Locally advanced
rectal cancer is typically treated with
chemoradiotherapy followed by surgery. Most patients do not display a complete response to
chemoradiotherapy, but resistance mechanisms are poorly understood.
ST6GAL-1 is a
sialyltransferase that adds the negatively charged
sugar,
sialic acid (Sia), to
cell surface proteins in the Golgi, altering their function. We therefore hypothesized that
ST6GAL-1 could mediate resistance to chemoradiation in
rectal cancer by inhibiting apoptosis. Patient-derived xenograft and organoid models of
rectal cancer and
rectal cancer cell lines were assessed for
ST6GAL-1 protein with and without chemoradiation treatment.

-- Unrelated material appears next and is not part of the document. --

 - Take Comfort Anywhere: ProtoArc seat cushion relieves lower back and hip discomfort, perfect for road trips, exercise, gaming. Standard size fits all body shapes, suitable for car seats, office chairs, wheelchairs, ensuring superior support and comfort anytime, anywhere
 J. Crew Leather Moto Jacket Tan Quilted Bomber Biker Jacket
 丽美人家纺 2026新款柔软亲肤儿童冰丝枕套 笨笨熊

ST6GAL-1 mRNA was assessed in untreated human rectal
adenocarcinoma by PCR assays. Samples were further assessed by Western blotting,
Caspase-Glo apoptosis assays, and colony formation assays. The presence of functional
ST6GAL-1 was assessed via flow cytometry using the Sambucus nigra
lectin, which specifically binds cell surface α2,6-linked Sia, and via
lectin precipitation. In patient-derived xenograft models of
rectal cancer, we found that
ST6GAL-1 protein was increased after chemoradiation in a subset of samples.
Rectal cancer cell lines demonstrated increased
ST6GAL-1 protein and cell surface Sia after chemoradiation.

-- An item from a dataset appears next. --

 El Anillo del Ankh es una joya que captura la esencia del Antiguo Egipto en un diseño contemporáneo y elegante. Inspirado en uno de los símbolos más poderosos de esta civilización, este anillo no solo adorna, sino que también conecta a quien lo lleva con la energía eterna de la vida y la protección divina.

ST6GAL-1 was also increased in
rectal cancer organoids
after treatment.
ST6GAL-1 knockdown in
rectal cancer cell lines resulted in increased apoptosis and decreased survival
after treatment. We concluded that
ST6GAL-1 promotes resistance to
chemoradiotherapy by inhibiting apoptosis in
rectal cancer cell lines. More research will be needed to further elucidate the importance and mechanism of ST6GAL-1-mediated resistance.